Agenda 22 is to realise the UN Standard Rules by drawing up disability policy plans in communities, counties and businesses. The method has been developed by the Swedish disability movement. Guidelines in English are available on how local authorities can work with Agenda 22.
The Swedish Disability Federation: - Is a member of the government's disability council.- Has separate meetings with any minister it wishes to approach on a specific issue.- Is a member of official governmental inquiry committees.- Receives reports from governmental inquiry committees with the right to comment officially. - Has extensive informal contact with governmental officials, groups and committees.
Swedish Disability Federation is a member of the European Disability Forum (EDF), an umbrella organisation representing about 37 million people with disabilities in Europe.
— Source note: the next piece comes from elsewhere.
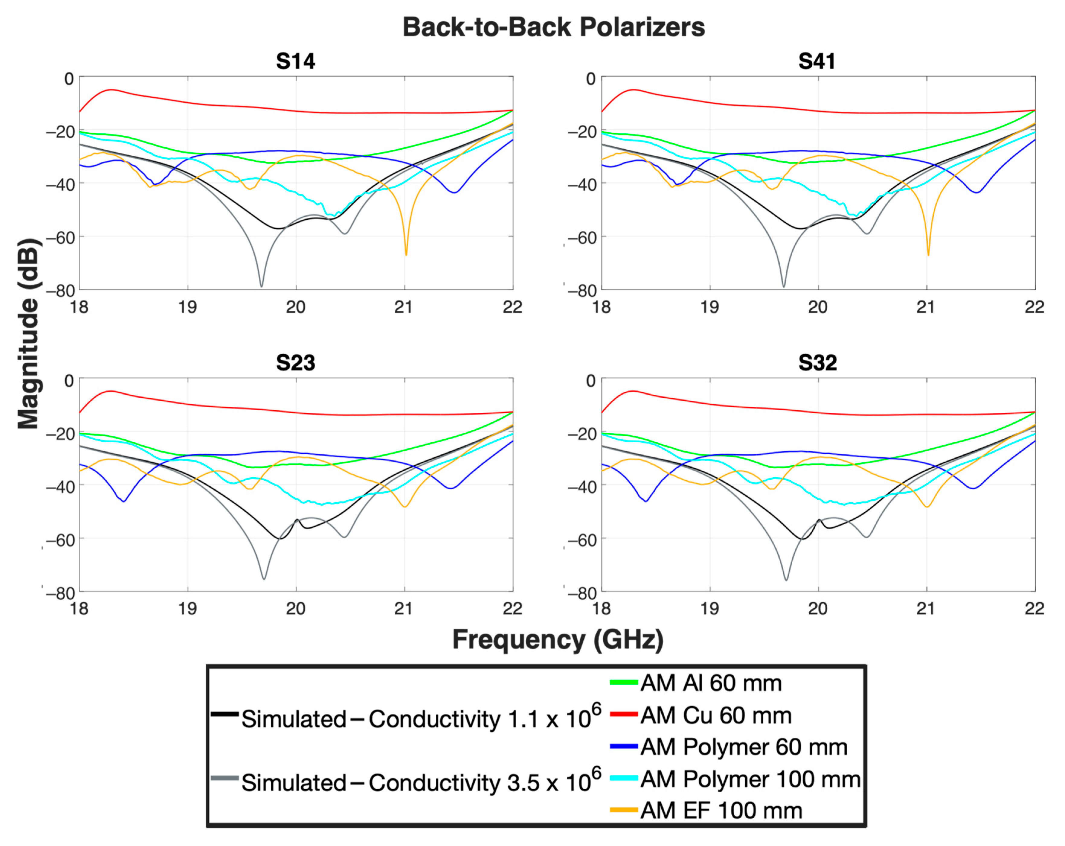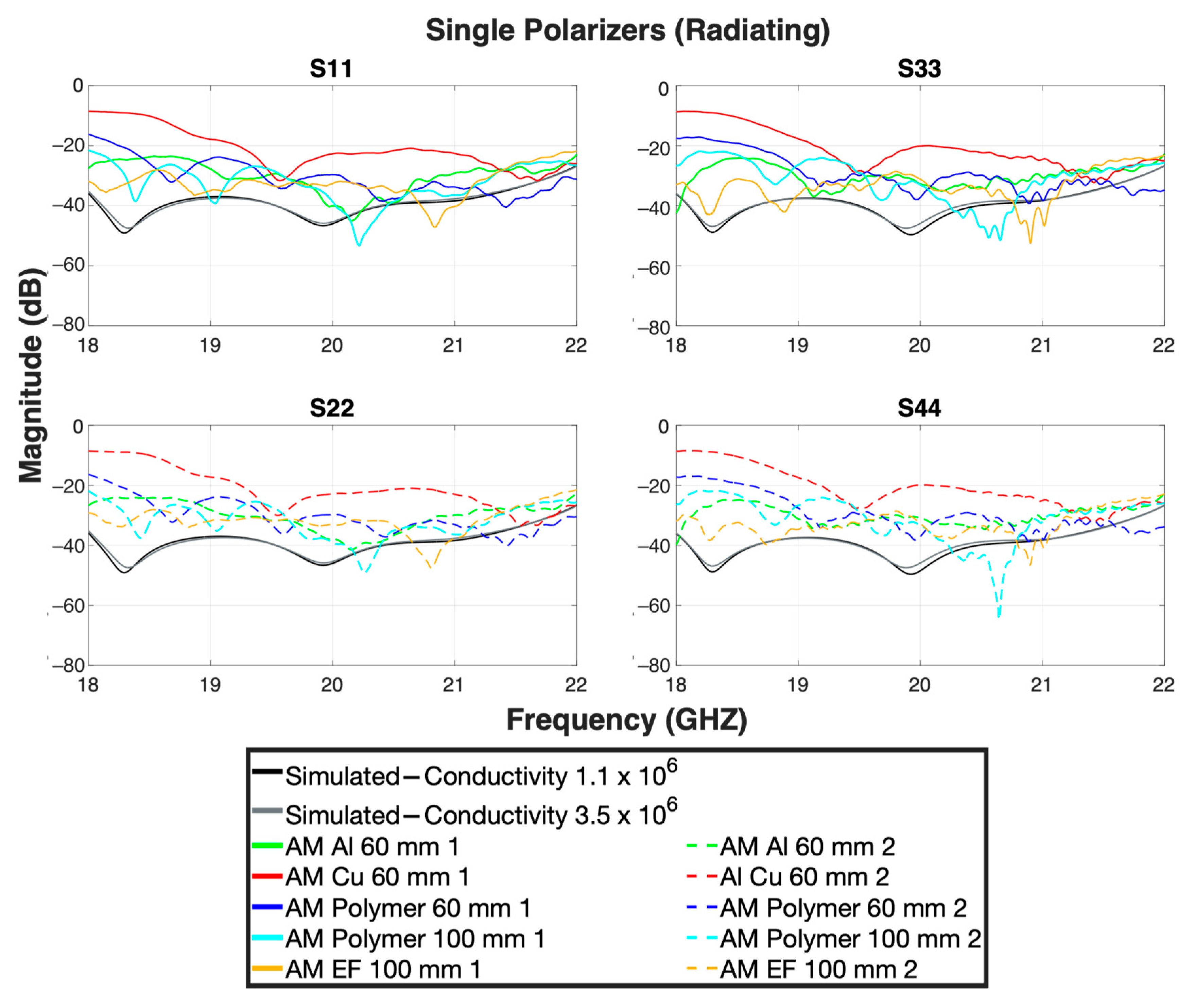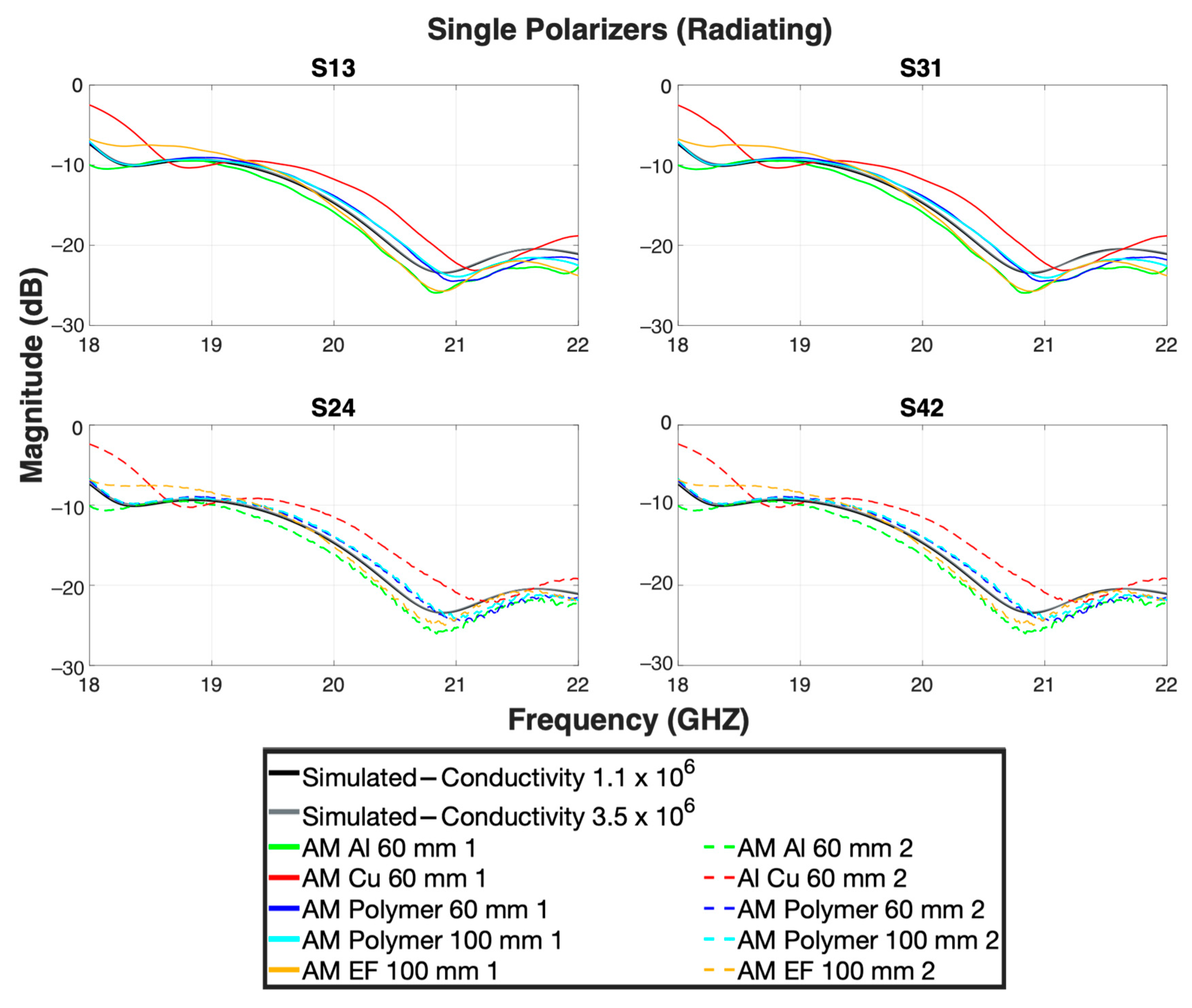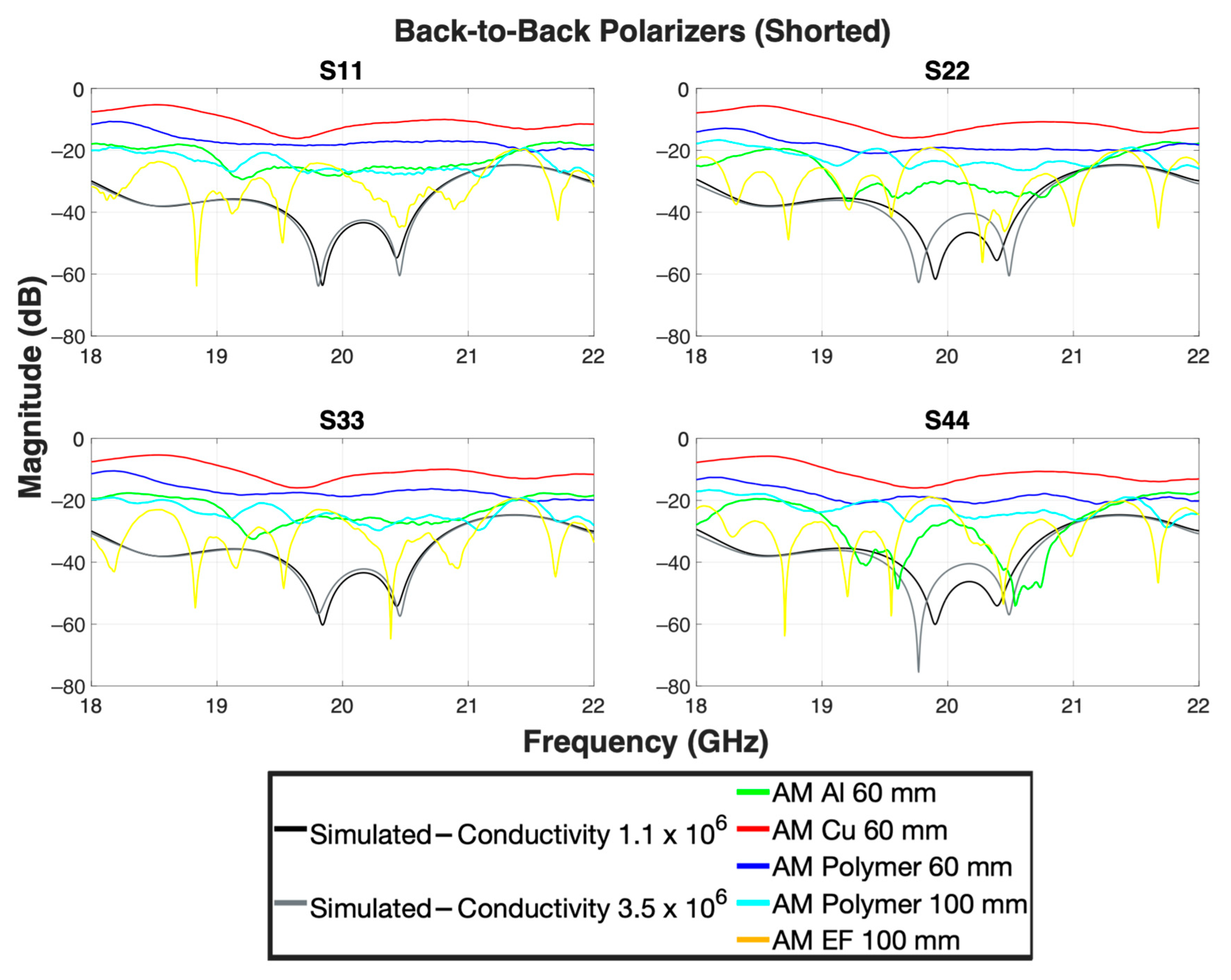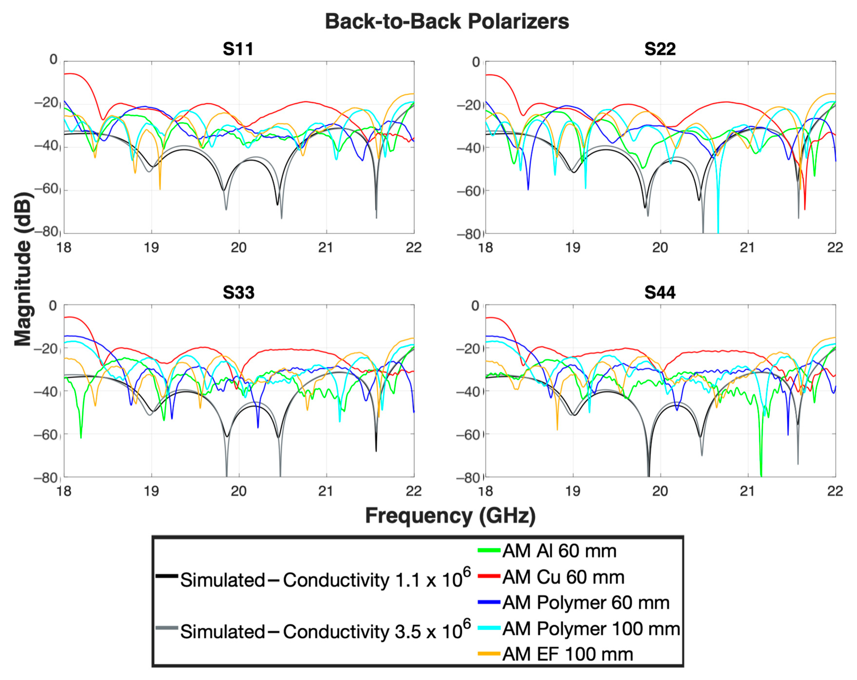 | Polarizers | S11 | S22 | S33 | S44 | S13, S31 | S24, S42 | S12, S21 | S34, S43 | S14, S41 | S23, S32 | Axial Ratio (Boresight) |

The EDF protects the human rights of people with disabilities in dialogue with the European institutions and other European authorities.To the EDF website www.edf-feph.org
Five times a year the 39 presidents of the national disability orgnisations meet to discuss and decide on important disability policy questions and organsational matters. One of the meetings constitutes the Annual General Assembly.
The Board prepares the meetings and draft decisions of the Presidents' Meetings and implements their decisions. The Board also has the power to decide on behalf of the Swedish Disability Federation when the Presidents Meetings not are convened.
The Chairman of the Board is elected by the general assembly, and is also a full member of the Presidents' Meetings, which she chairs. Since 1991 the Chair works on a full time basis. She has the right to make statements on the behalf of the Swedish Disability Federation but is obliged to report to the Presidents Meetings on all hes statements.
Most of the political work in the Swedish Disability Federation is prepared in organised networks where every member organisation has the right to be represented by any person they elect.
In all counties and most municipalities there are associations of local disability organisations. They are organised in approximately the same way as Swedish Disability Federation.
Swedish Disability Federation is funded by:- Membership fees from all member organisations. - Financial support from the state. All Swedish national disability organisations receive financial support through the national budget, decided by Parliament. - Income from information materials, conferences, legal consulting. - Project subsidies. - State subsidies to employers for employees with disabilities.